* **What you are asked to do**
Using the listing below, say how many of its lines hold "space". Offer nothing beyond the number.

%%

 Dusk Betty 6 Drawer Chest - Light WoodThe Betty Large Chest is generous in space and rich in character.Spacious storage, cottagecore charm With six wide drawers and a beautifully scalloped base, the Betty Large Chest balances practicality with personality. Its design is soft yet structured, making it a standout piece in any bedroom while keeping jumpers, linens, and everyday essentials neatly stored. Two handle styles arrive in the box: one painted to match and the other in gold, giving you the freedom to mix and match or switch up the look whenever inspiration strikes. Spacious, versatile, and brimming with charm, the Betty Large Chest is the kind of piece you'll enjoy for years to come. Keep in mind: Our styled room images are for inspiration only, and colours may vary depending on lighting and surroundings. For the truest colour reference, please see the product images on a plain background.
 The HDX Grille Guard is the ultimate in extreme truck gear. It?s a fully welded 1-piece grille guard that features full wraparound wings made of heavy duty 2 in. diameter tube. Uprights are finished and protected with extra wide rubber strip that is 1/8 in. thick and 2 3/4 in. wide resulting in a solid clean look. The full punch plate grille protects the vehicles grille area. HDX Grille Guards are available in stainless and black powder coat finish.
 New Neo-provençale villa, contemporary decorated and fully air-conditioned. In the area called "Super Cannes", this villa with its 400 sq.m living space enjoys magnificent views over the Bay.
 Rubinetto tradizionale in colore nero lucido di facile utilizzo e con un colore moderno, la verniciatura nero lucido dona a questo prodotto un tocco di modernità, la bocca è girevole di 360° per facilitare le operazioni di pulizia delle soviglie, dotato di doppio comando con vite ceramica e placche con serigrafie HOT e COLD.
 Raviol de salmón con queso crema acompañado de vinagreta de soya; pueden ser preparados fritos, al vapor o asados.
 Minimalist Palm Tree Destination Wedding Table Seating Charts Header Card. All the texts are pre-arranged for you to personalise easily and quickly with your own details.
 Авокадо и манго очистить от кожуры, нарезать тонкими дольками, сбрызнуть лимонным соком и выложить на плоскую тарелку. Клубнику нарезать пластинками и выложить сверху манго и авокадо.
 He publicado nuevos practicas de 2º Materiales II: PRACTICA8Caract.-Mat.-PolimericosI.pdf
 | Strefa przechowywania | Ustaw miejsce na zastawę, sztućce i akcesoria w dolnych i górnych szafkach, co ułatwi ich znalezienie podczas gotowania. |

%%

* **Exercise output**
2